JUSTIÇA DO MARANHÃO É A QUE MAIS GASTA NO PAÍS

Os estados menos desenvolvidos do Brasil gastam mais, proporcionalmente ao Produto Interno Bruto (PIB) estadual, para manter a estrutura do Judiciário, segundo dados divulgados nesta quinta-feira (29) pela Associação dos Magistrados Brasileiros (AMB).

O levantamento foi feito pela professora Maria Tereza Sadek, da Universidade de São Paulo (USP), que utilizou os dados da pesquisa “Justiça em Números”, do Conselho Nacional de Justiça (CNJ), divulgada em junho. O estudo do CNJ mostrou que a Justiça brasileira gastou R$ 33,5 bilhões em 2008, quando tramitaram 70 milhões de processos em todos os tribunais.

Maria Tereza explicou que, embora os estados menos desenvolvidos tenham gasto proporcionalmente maior, o valor absoluto é menor do que nos estados com Índice de Desenvolvimento Humano (IDH) mais elevado. O IDH é o parâmetro da Organização das Nações Unidas (ONU) que classifica regiões de acordo com dados de educação, renda da população, entre outros.

O estado com menor IDH do país é o Maranhão, que gasta 0,92% do PIB estadual com o Judicário. A unidade da Federação com maior gasto proporcional é o Acre, que gasta 1,77% do PIB com o sistema e tem o 7º pior índice de desenvolvimento humano do país.

O Distrito Federal, com o maior IDH, gasta 0,99% do PIB local com o Judiciário. O menor gasto proporcional é registrado no Paraná: 0,43% do PIB local – o Paraná é o 6º entre os estados de melhor IDH. (Confira tabela aqui).

Na pesquisa, a pesquisadora dividiu os estados entre IDH baixo (MA, AL, PI, PB, SE, BA e AC); médio baixo (CE, PE, RN, TO, AM, PA e RO); médio alto (RR, AP, ES, MT, MG, GO e MS) e alto (PR, RJ, RS, SP, SC, e DF). Os estados do grupo alto juntos somam 60% do PIB nacional.

Mesmo com custo maior para manter a Justiça, os estados com menor desenvolvimento humano têm menores índices de juiz por habitante. O levantamento mostra que o Maranhão, por exemplo, tem 4,1 juízes para cada 100 mil habitantes. Enquanto isso, o DF tem 11,2 juízes para cada 100 mil.

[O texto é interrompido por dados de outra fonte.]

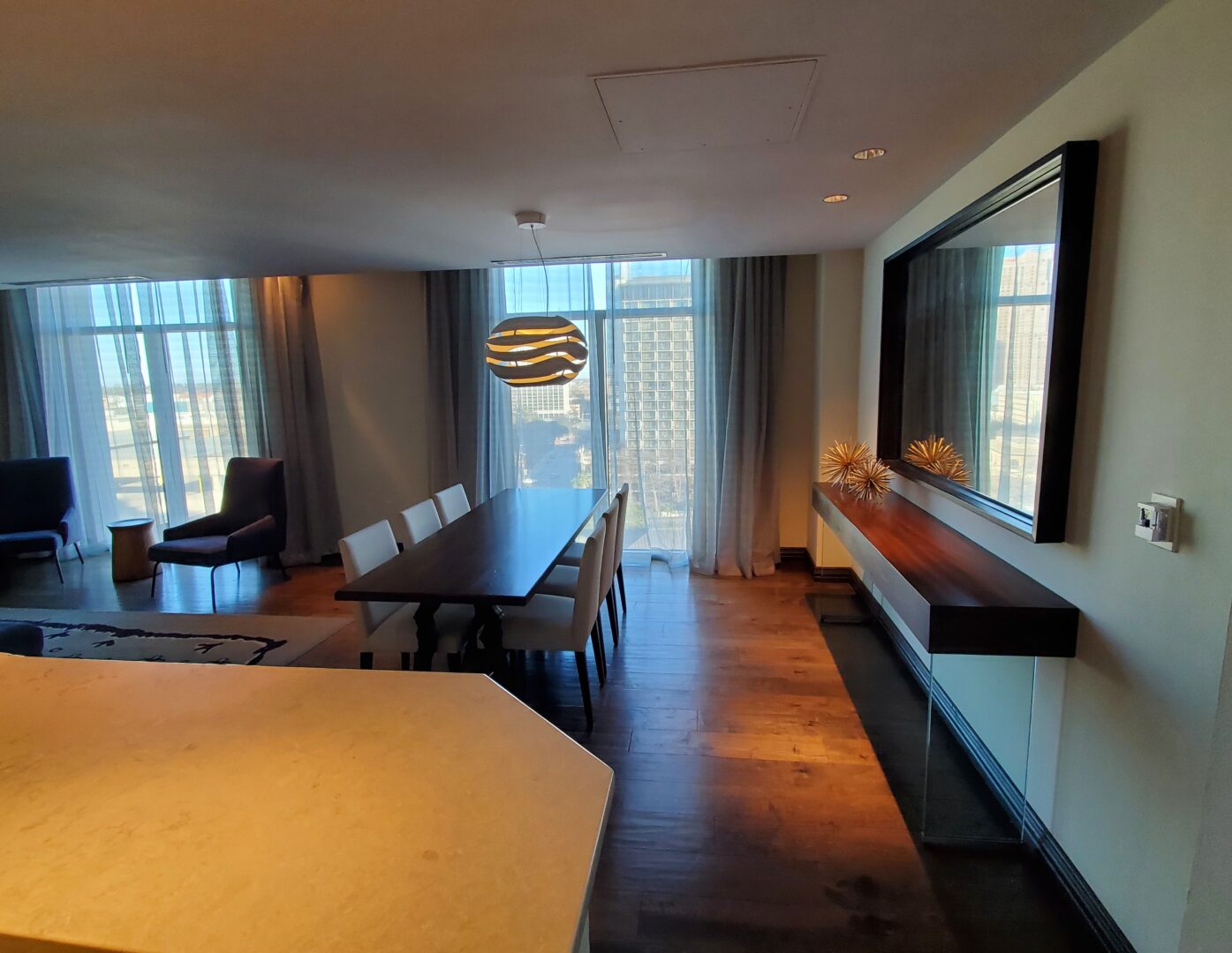 Make yourself at home in a contemporary Riverview Suite, featuring a spacious living area and separate bedroom with one king or two full-sized beds. Floor-to-ceiling windows overlook the Riverwalk while cozy nooks invite you to unwind.

Os dados mostram ainda que os magistrados dos locais com maior IDH estão mais sobrecarregados. Nos seis estados com maior IDH, cada juiz analisou até 10 mil processos no ano passado. Nos sete menos desenvolvidos, o máximo analisado por cada magistrado foi de 4,1 mil processos.

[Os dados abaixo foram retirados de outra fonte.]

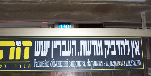 И таки вывела, ушёл я оттуда с приготовленным сендвичем с красной рыбкой. Все разговоры, разумеется, были на русском. Гуляя, сфотографировал объявления на автобусной остановке. Вернее, на двух. Текст объявлений на иврите один и тот же, а русский перевод был сделан двумя разными переводчиками. Хочу отметить также разный фонт надписей, люди стараются, экспериментируют, вкладывают душу в свою работу. Сейчас покажу некоторые фотографии. |

A pesquisa mostra ainda, segundo a pesquisadora Maria Tereza, a relação entre o IDH e o número de ações que ingressam na Justiça. “Quanto menor a proporção de pobres, maior é proporção de ações”. Para ela, isso significa que nos estados desenvolvidos as pessoas têm mais consciência de seus direitos.

Com informações do G1.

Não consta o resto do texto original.